**The problem:** All the lines below should appear again unchanged, though their pictures should not.

**Data extract:**
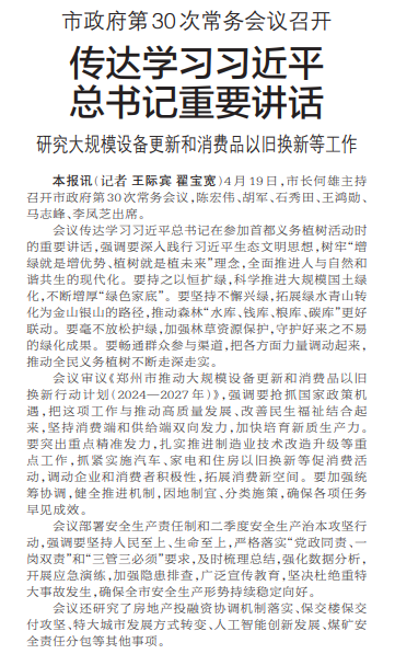 4月19日,市长何雄主持召开市政府第30次常务会议,陈宏伟、胡军、石秀田、王鸿勋、马志峰、李凤芝出席。(今日《郑州日报》1版)
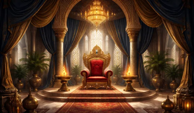 كرسي حكم في قصر عربي متخيَّل
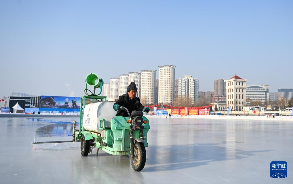 1月10日,工作人員在東河冰場澆冰。新華社記者 貝赫 攝
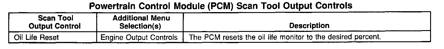 Powertrain Control Module (PCM) Scan Tool Output Controls:
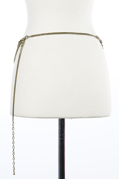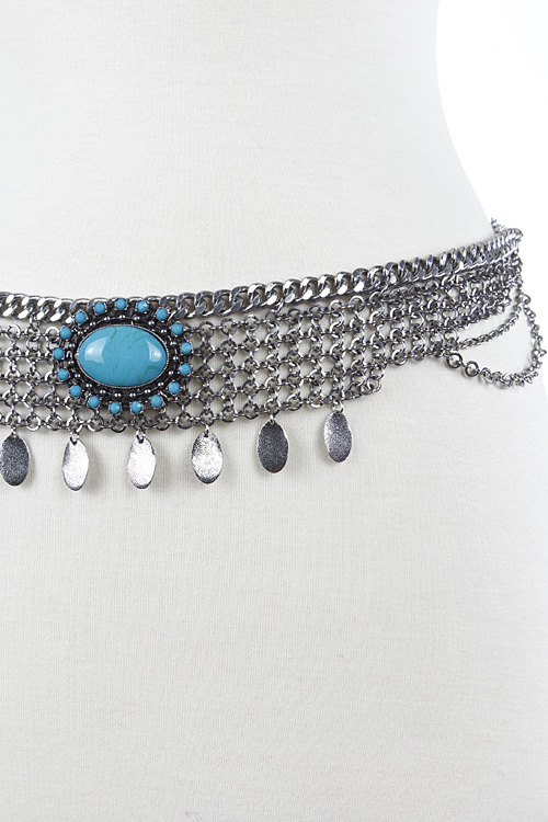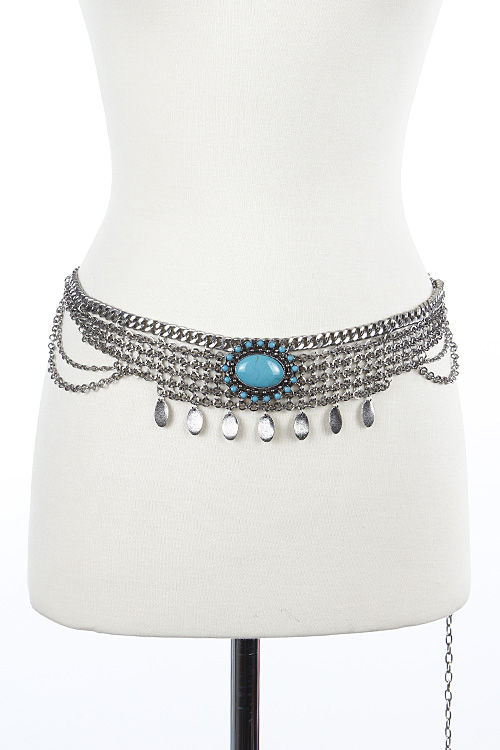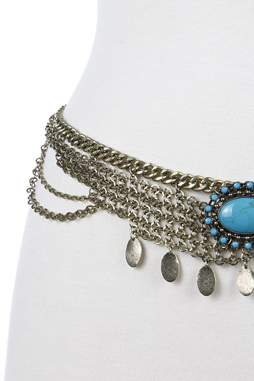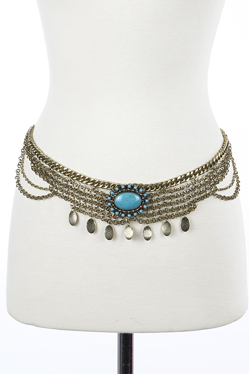 • * Antique Stone Bead Centered Chain Belt 5FAI * 40 x 2.75" approx.

**Solution for this exercise:**
 4月19日,市长何雄主持召开市政府第30次常务会议,陈宏伟、胡军、石秀田、王鸿勋、马志峰、李凤芝出席。(今日《郑州日报》1版)
 كرسي حكم في قصر عربي متخيَّل
 1月10日,工作人員在東河冰場澆冰。新華社記者 貝赫 攝
 Powertrain Control Module (PCM) Scan Tool Output Controls:
 • * Antique Stone Bead Centered Chain Belt 5FAI * 40 x 2.75" approx.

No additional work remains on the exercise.